On the farm of my youth, our full-time field worker, Jackie, didn’t say much. When he did, however, he often offered creative euphemisms and descriptive epigrams. A favorite, for example, was if it rained the day after a big gully-washer, he might say the second rain was “Just worse and more of it.”

That useful phrase comes to mind when examining what the Trump administration has done — and continues to do — with and to the Department of Agriculture. From the Department of Government Efficiency 15 months ago to a late winter run-in with the United Soybean Board, its often unexplained actions are both petty and consequential.

For example, it was recently revealed that the White House reached way down into the routine, mundane approval process of five nominees to the soybean checkoff’s operating body, the United Soybean Board, to deny all five their well-earned seats.

Why? The White House gave no explanation for this historic meddling but, as Reuters first pointed out, four of the five were women.

And not just any women, as Chris Clayton of DTN explained in a lengthy post on May 1: “Each of the farmers who lost their seats on the USB are not only active farmers but also have a long history of volunteer work for state and national soybean boards… [and] had done significant… USB work in recent years.”

In other words, these five were not only ideal USB members, all were sitting USB members when the White House tossed their renominations. Two of the four rejected women also pointed out to Clayton that “2026 happens to be the United Nations’ International Year of the Woman Farmer.”

Talk about worse and more of it. Then there’s the ongoing “reorganization” of USDA.

On April 23, the USDA announced it will move both technical and administrative staff from the Washington-based Food Safety and Inspection Service, the Economic Research Service, the National Agriculture Statistics Service and the National Institute of Food and Agriculture to either St. Louis or Kansas City.

USDA also noted that it plans to shutter the Beltsville, Maryland, Agricultural Research Center, the department’s showcase, 6,600-acre research facility located on the northeast corner of Washington’s famed Beltway.

The moves promise more chaos and disruption in USDA’s shrinking ability to deliver its hundreds of programs and billions of dollars in farm and food assistance. NASS, for example, is already under fire for bungling 2025 crop surveys. ERS — partially moved to Kansas City in 2019 under the first Trump Administration — is hobbled by an inability to attract and keep top talent.

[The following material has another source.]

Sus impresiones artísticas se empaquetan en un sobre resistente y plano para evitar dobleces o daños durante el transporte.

Real estate developers — a former one works in the Oval Office, remember — have long seen USDA’s 10-square-mile Maryland research center as a valuable prize barely 10 miles from the White House. Is that its fate: not applied ag research but boxy condominiums?

There are, of course, worse outcomes for other White House actions. For example, a key foreign food aid program that American farmers benefited greatly from, the United States Agency for International Development, was targeted by DOGE in early 2025. Two months later, more than 80% of the humanitarian agency, which had purchased nearly $2 billion of U.S. crops every year for foreign distribution, had been vaporized.

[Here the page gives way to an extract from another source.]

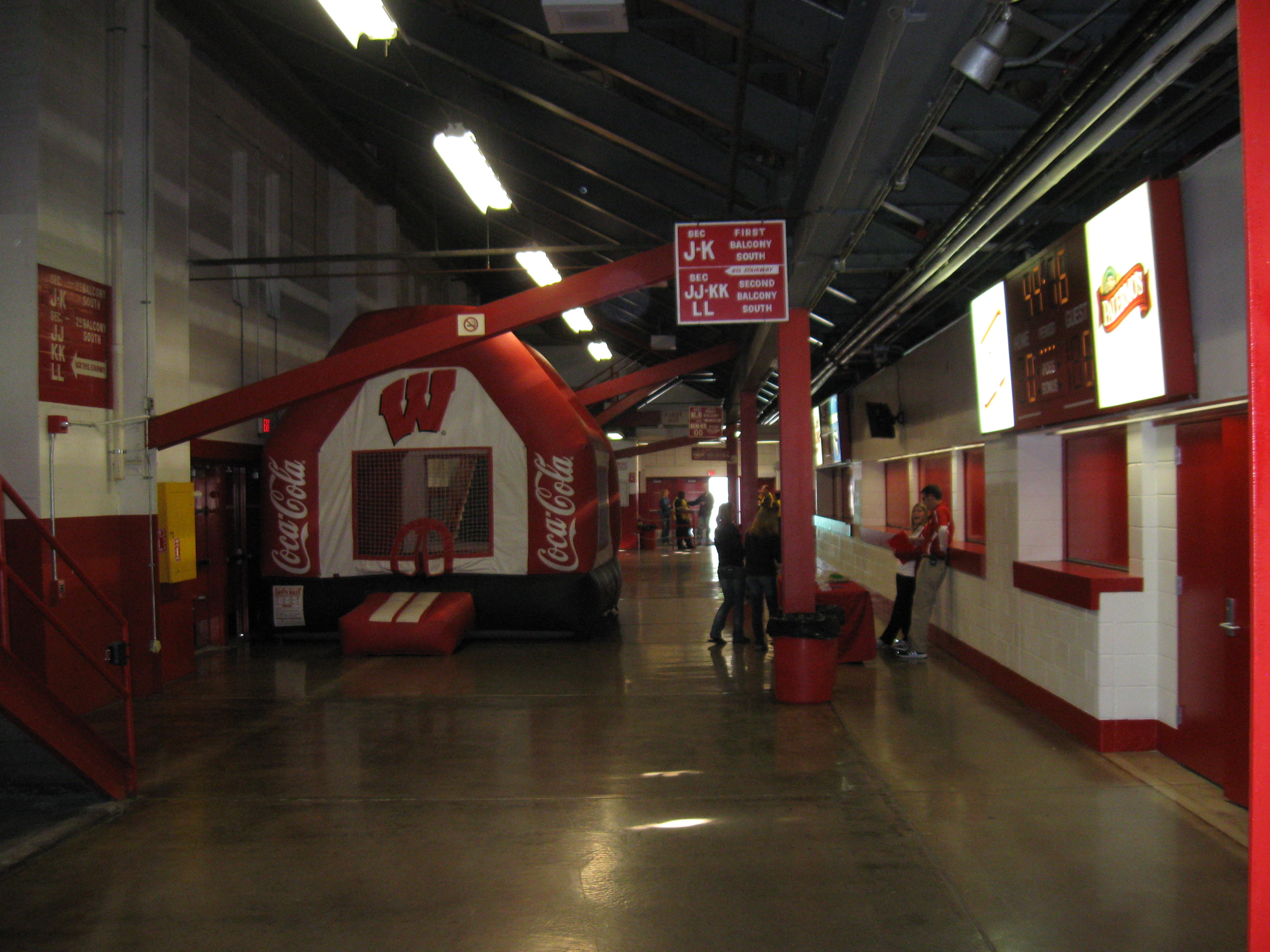 The square concourse is full of the school color red and has many support beams, not something you see nowadays in modern arenas. Stairs on the outside actually lead to the first level of seating, with the second level being accessed only from inside the arena. One can imagine the chaos of 10,000 people accessing varying sets of stairs after the game. Ability to maneuver the concourse space is eh at best. Despite space/access issues, the intangibles are really good including team displays and I love the old-style signs pointing fans to the seating. Additional features include Bucky’s Locker Room (a small team store), a kid’s trampoline and a few TVs, which were used to show the Packers game.

The USAID cuts offered cover to others like the United Kingdom, Germany and Canada to cut their foreign assistance aid shortly thereafter.

Collectively, however, according to a February study published in The Lancet, England’s leading medical journal, “projects that global aid cuts could lead to at least 9.4 million additional deaths by 2030, if the current funding trends continue.”

And, “About 2.5 million of those deaths are projected to be children under the age of 5.”

That’s worse than worse and more of it.

(The Farm and Food File is published weekly throughout the U.S. Contact information is posted at farmandfoodfile.com. © 2026 ag comm)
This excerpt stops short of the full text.